GOAL OF THE EXERCISE |
Output the entries below word for word, stopping once the line containing "BNN mengungkapkan bahwa" is done, and omit each picture.

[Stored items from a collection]
Segment Open
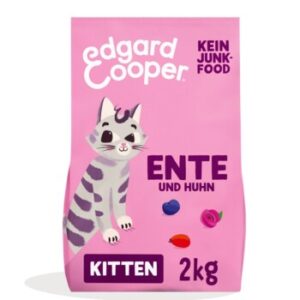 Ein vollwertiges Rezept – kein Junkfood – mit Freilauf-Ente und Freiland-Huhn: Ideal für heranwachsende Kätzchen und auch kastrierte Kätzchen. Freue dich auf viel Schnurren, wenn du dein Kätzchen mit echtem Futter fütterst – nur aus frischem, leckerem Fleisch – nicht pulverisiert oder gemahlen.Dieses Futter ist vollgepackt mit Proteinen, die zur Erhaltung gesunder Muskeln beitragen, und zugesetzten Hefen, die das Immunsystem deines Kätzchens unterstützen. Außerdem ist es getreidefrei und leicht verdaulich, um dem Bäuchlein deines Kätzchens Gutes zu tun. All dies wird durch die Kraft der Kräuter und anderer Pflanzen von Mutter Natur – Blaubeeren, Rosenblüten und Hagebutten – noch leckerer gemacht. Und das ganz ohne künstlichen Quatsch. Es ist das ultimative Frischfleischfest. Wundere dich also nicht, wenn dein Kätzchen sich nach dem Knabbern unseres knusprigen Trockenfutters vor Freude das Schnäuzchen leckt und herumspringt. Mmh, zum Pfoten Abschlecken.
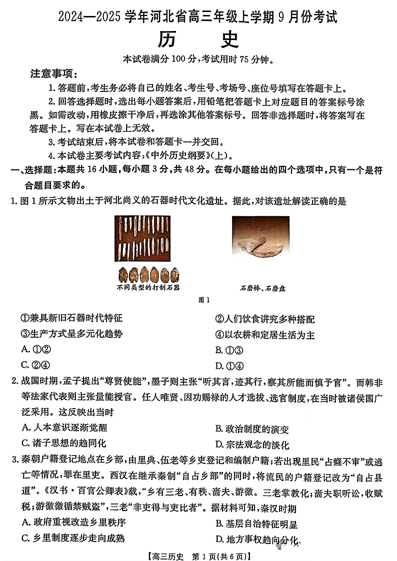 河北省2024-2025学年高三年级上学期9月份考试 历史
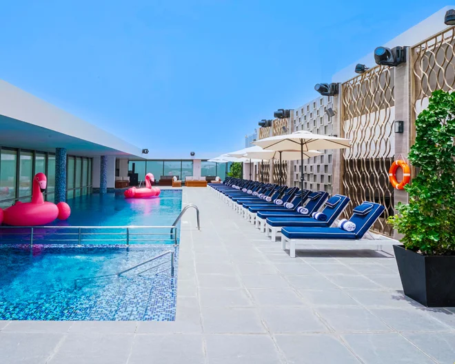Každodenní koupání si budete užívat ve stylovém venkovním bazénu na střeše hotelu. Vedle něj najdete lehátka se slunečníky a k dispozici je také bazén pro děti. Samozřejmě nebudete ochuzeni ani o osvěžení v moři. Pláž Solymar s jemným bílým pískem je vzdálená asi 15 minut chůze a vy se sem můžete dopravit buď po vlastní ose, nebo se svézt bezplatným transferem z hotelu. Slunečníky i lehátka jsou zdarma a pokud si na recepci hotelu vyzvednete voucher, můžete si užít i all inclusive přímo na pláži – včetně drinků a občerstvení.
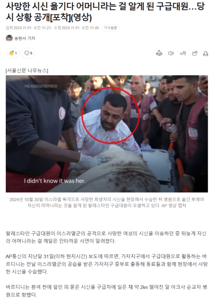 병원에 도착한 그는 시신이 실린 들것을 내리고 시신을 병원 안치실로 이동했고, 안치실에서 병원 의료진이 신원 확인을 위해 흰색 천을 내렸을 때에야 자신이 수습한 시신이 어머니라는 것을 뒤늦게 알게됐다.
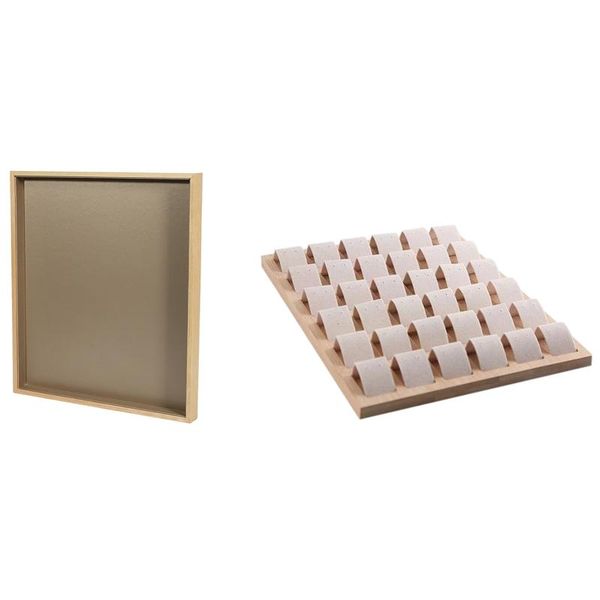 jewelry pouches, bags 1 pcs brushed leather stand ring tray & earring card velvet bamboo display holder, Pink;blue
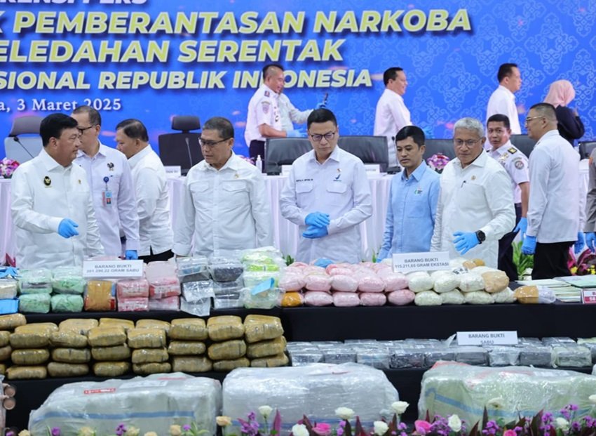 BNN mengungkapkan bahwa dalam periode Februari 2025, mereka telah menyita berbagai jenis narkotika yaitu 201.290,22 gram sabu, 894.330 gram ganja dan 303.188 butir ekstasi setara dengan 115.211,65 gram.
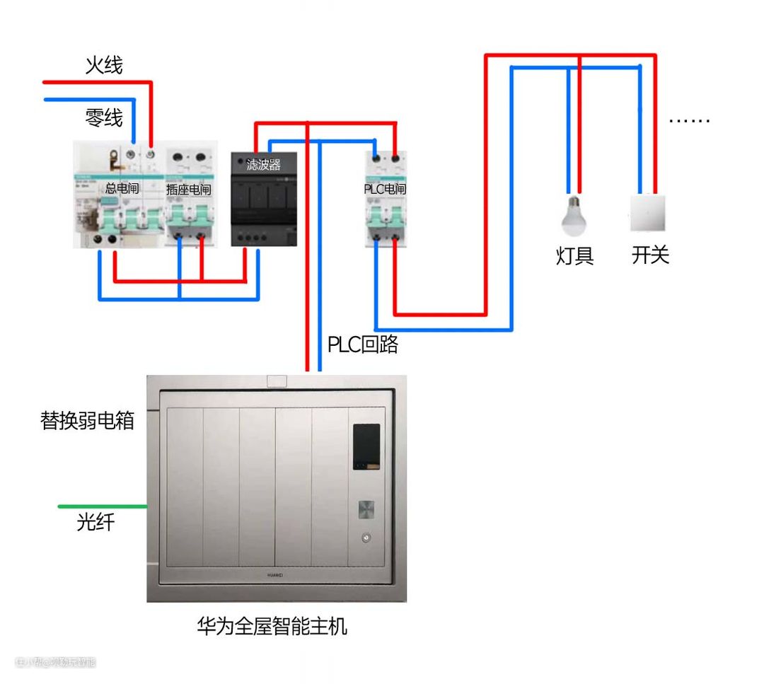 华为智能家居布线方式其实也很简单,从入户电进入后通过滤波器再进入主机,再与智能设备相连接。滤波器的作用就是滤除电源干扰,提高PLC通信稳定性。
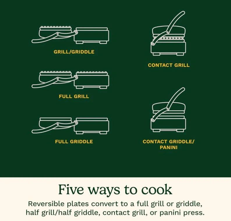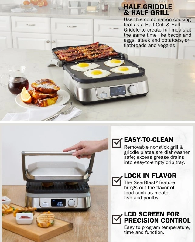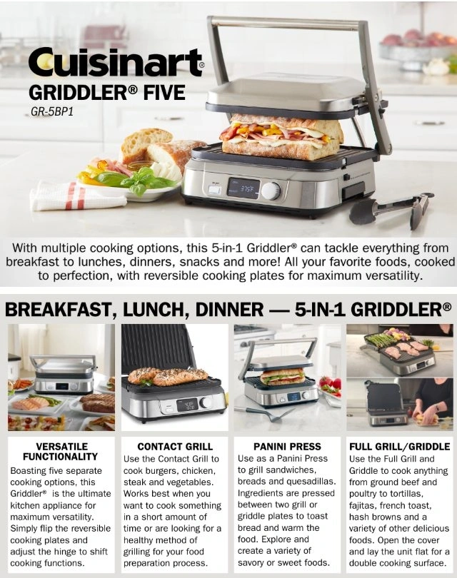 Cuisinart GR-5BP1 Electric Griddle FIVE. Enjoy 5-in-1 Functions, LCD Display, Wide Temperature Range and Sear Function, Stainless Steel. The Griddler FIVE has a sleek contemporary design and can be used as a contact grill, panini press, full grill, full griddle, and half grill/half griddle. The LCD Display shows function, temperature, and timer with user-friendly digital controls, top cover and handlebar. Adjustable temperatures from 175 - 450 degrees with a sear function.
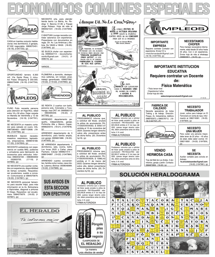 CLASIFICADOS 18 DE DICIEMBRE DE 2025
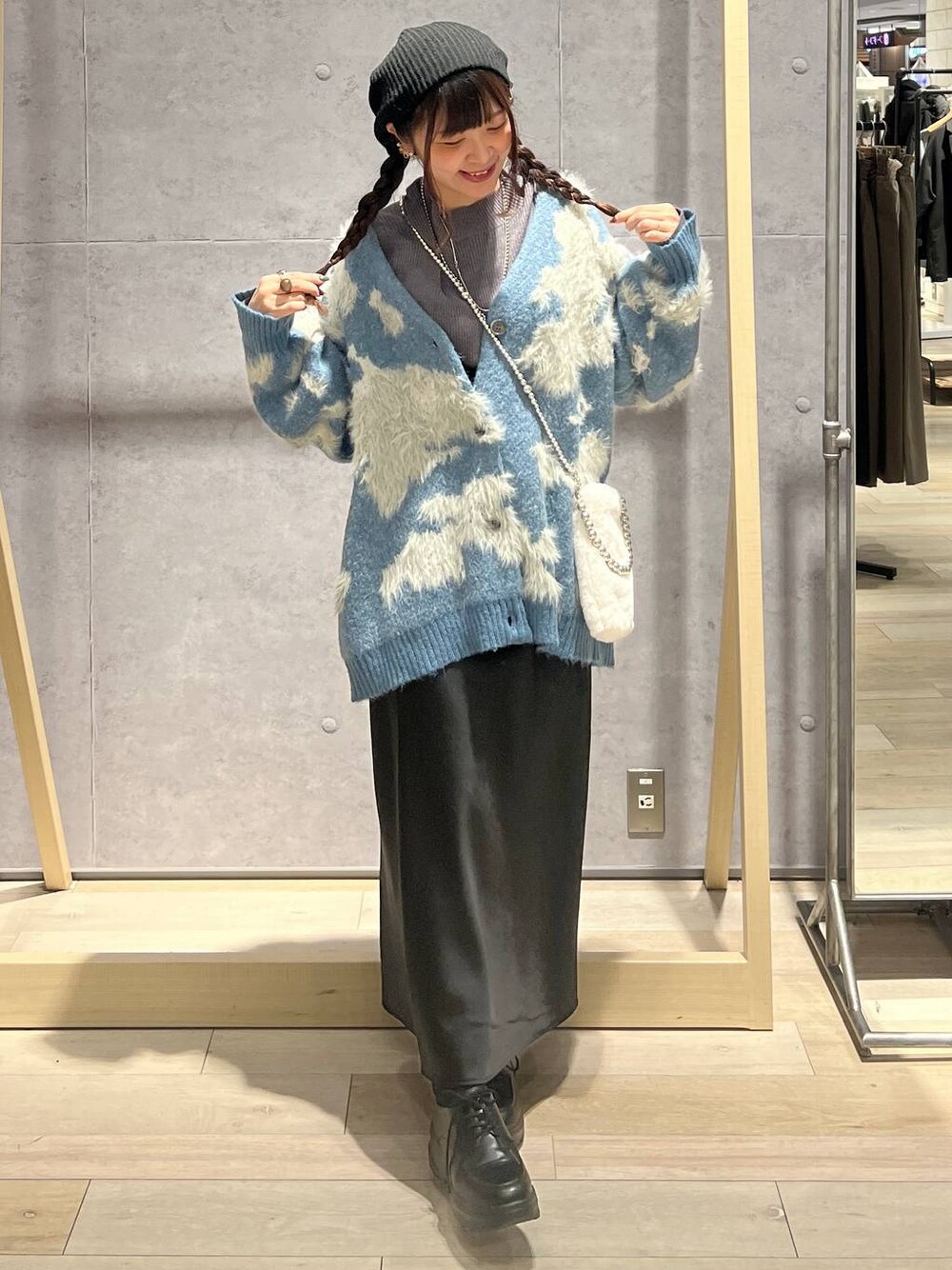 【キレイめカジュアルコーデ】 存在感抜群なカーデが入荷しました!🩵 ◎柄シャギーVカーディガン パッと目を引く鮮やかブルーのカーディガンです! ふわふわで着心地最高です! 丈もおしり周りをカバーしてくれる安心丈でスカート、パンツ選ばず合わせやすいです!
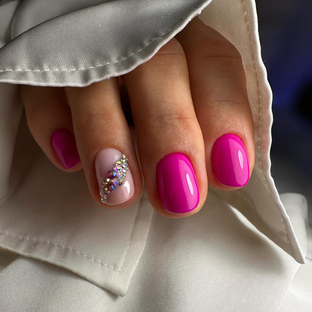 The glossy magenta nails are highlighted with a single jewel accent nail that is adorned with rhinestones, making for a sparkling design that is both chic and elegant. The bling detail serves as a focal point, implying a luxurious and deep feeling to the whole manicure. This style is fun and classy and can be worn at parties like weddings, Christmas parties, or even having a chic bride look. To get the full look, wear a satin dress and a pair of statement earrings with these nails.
Segment Closed
SOLUTION TO THE PROBLEM |
 Ein vollwertiges Rezept – kein Junkfood – mit Freilauf-Ente und Freiland-Huhn: Ideal für heranwachsende Kätzchen und auch kastrierte Kätzchen. Freue dich auf viel Schnurren, wenn du dein Kätzchen mit echtem Futter fütterst – nur aus frischem, leckerem Fleisch – nicht pulverisiert oder gemahlen.Dieses Futter ist vollgepackt mit Proteinen, die zur Erhaltung gesunder Muskeln beitragen, und zugesetzten Hefen, die das Immunsystem deines Kätzchens unterstützen. Außerdem ist es getreidefrei und leicht verdaulich, um dem Bäuchlein deines Kätzchens Gutes zu tun. All dies wird durch die Kraft der Kräuter und anderer Pflanzen von Mutter Natur – Blaubeeren, Rosenblüten und Hagebutten – noch leckerer gemacht. Und das ganz ohne künstlichen Quatsch. Es ist das ultimative Frischfleischfest. Wundere dich also nicht, wenn dein Kätzchen sich nach dem Knabbern unseres knusprigen Trockenfutters vor Freude das Schnäuzchen leckt und herumspringt. Mmh, zum Pfoten Abschlecken.
 河北省2024-2025学年高三年级上学期9月份考试 历史
Každodenní koupání si budete užívat ve stylovém venkovním bazénu na střeše hotelu. Vedle něj najdete lehátka se slunečníky a k dispozici je také bazén pro děti. Samozřejmě nebudete ochuzeni ani o osvěžení v moři. Pláž Solymar s jemným bílým pískem je vzdálená asi 15 minut chůze a vy se sem můžete dopravit buď po vlastní ose, nebo se svézt bezplatným transferem z hotelu. Slunečníky i lehátka jsou zdarma a pokud si na recepci hotelu vyzvednete voucher, můžete si užít i all inclusive přímo na pláži – včetně drinků a občerstvení.
 병원에 도착한 그는 시신이 실린 들것을 내리고 시신을 병원 안치실로 이동했고, 안치실에서 병원 의료진이 신원 확인을 위해 흰색 천을 내렸을 때에야 자신이 수습한 시신이 어머니라는 것을 뒤늦게 알게됐다.
 jewelry pouches, bags 1 pcs brushed leather stand ring tray & earring card velvet bamboo display holder, Pink;blue
 BNN mengungkapkan bahwa dalam periode Februari 2025, mereka telah menyita berbagai jenis narkotika yaitu 201.290,22 gram sabu, 894.330 gram ganja dan 303.188 butir ekstasi setara dengan 115.211,65 gram.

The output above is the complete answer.